In the current industry climate, it is challenging to vet addiction treatment providers for clients. With local and national facilities being sold, acquired or shut down weekly, it’s easy to become disoriented or disillusioned when making referrals to various programs. We’ve put together this quick guide with some key updates made in 2017 and 2018.
Florida Legislative & Accreditation Changes
The National Association of Addiction Treatment Providers (NAATP) has created a new Code of Ethics, and criteria for selecting an addiction treatment provider. NAATP identifies the need to label addiction treatment as ‘health care’ and outlines certain indices to look for when vetting a service provider.
In addition, a new criminal statute in Florida, Chapter 2017-173, has enacted new legislation that protects people in need of addiction treatment from bad actors within the space and nefarious treatment practices.
Key Elements of Chapter 2017-173
Licensing & Accreditation: Along with higher licensing fees, there are now new requirements necessary for certain licensure renewals. The Florida Department of Children and Families (DCF) now plays a more active role in licensure, and in specifying standards of care, procedures and staff requirements, and can make announced and unannounced inspections of any facility.
Background Screenings: Owners, directors, chief financial Officers, and clinical supervisors are all required to have background screenings done in order to obtain licensing.
Referrals & Patient Brokering: It unlawful to offer to pay, or solicit or receive, benefits for clients, and licensed service providers may not make a referral of a prospective, current, or discharged client to, or accept a referral of such a patient from, a recovery residence unless the recovery residence holds a valid certificate of compliance and is actively managed by a certified recovery residence administrator. In addition, service providers are required to maintain referral records. The new legislation specifically prohibits any health care provider or health care facility from giving or receiving any form of payment in exchange for referrals.
Marketing: Service Providers are not permitted to offer any enticements to bring a client to the facility. Further, service providers are prohibited from making false or misleading statements, or providing false or misleading information about their products, goods, services, or geographical locations in its marketing, advertising materials, or on its website. This includes websites that do not explicitly name the facility for which calls are being routed to or selling calls from call centers without disclosing this information clearly to the prospective client.
What This Means for Consumers
The changes outlined in Chapter 2017-173 were put in place to protect those suffering from addiction, and to provide them with a clear path to treatment, much like any other medical condition.

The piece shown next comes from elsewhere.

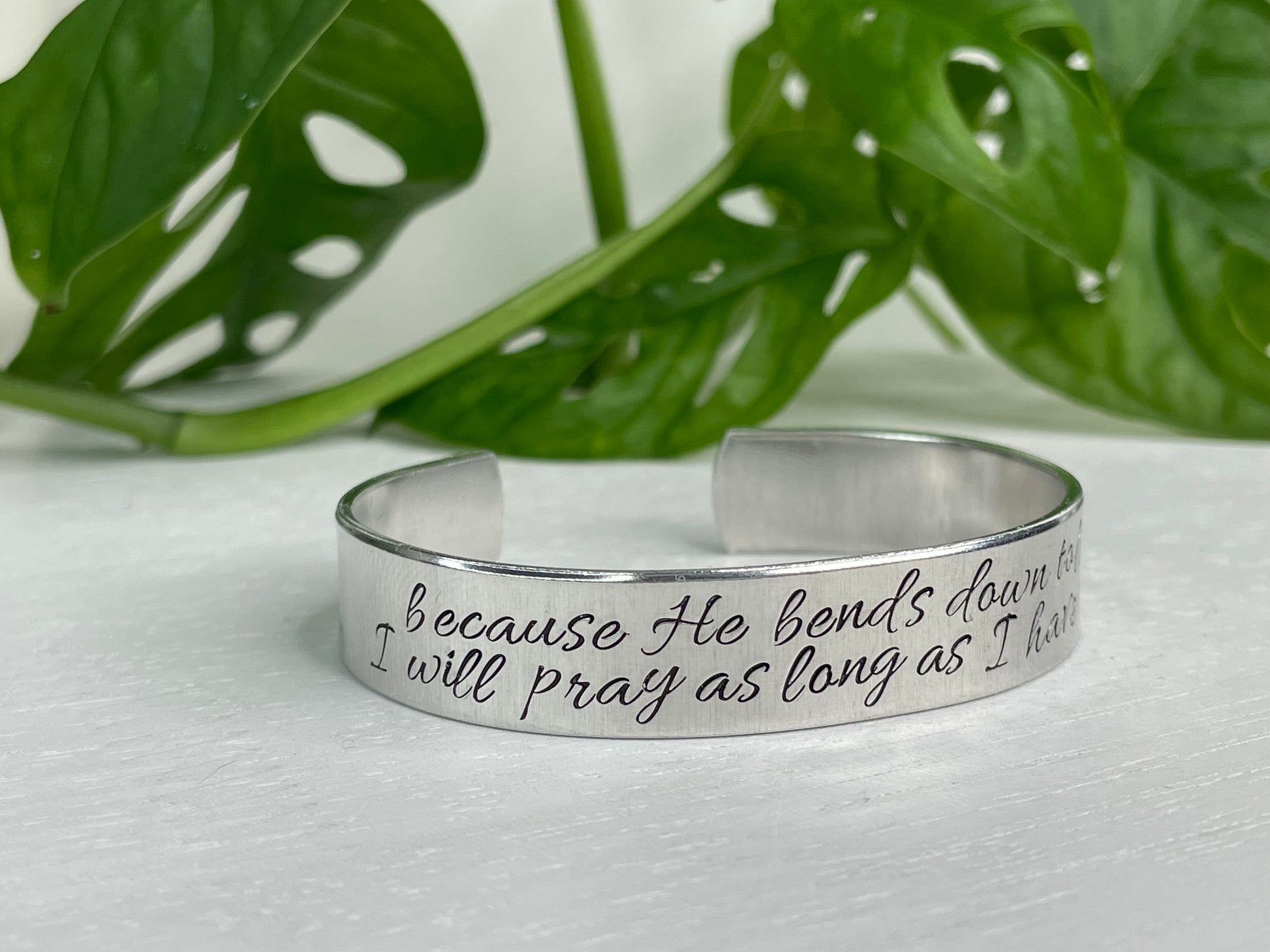 All of our items are hand stamped one letter at a time. Because of this, the piece you receive may differ slightly from the picture. This is the nature of hand stamping and adds to the beauty and uniqueness of each piece.

But like any other medical need, there are certain things to look for when looking for the right provider. When seeking treatment, clients should only consider facilities that:
- Ask for a full medical assessment before entering treatment
- Have a dedicated Medical Director on staff
- Offer a tour prior to committing to care
- Provide information regarding their staff accreditations, location, their assessment, treatment plan, clinical services, financing and billing practices.
- Have licensed staff available 24/7
- Offer a Family program and aftercare planning
At Futures, we are committed to upholding these new regulations, ensuring both the safety and health of our clients, as well as providing transparency and peace of mind for our referring professionals.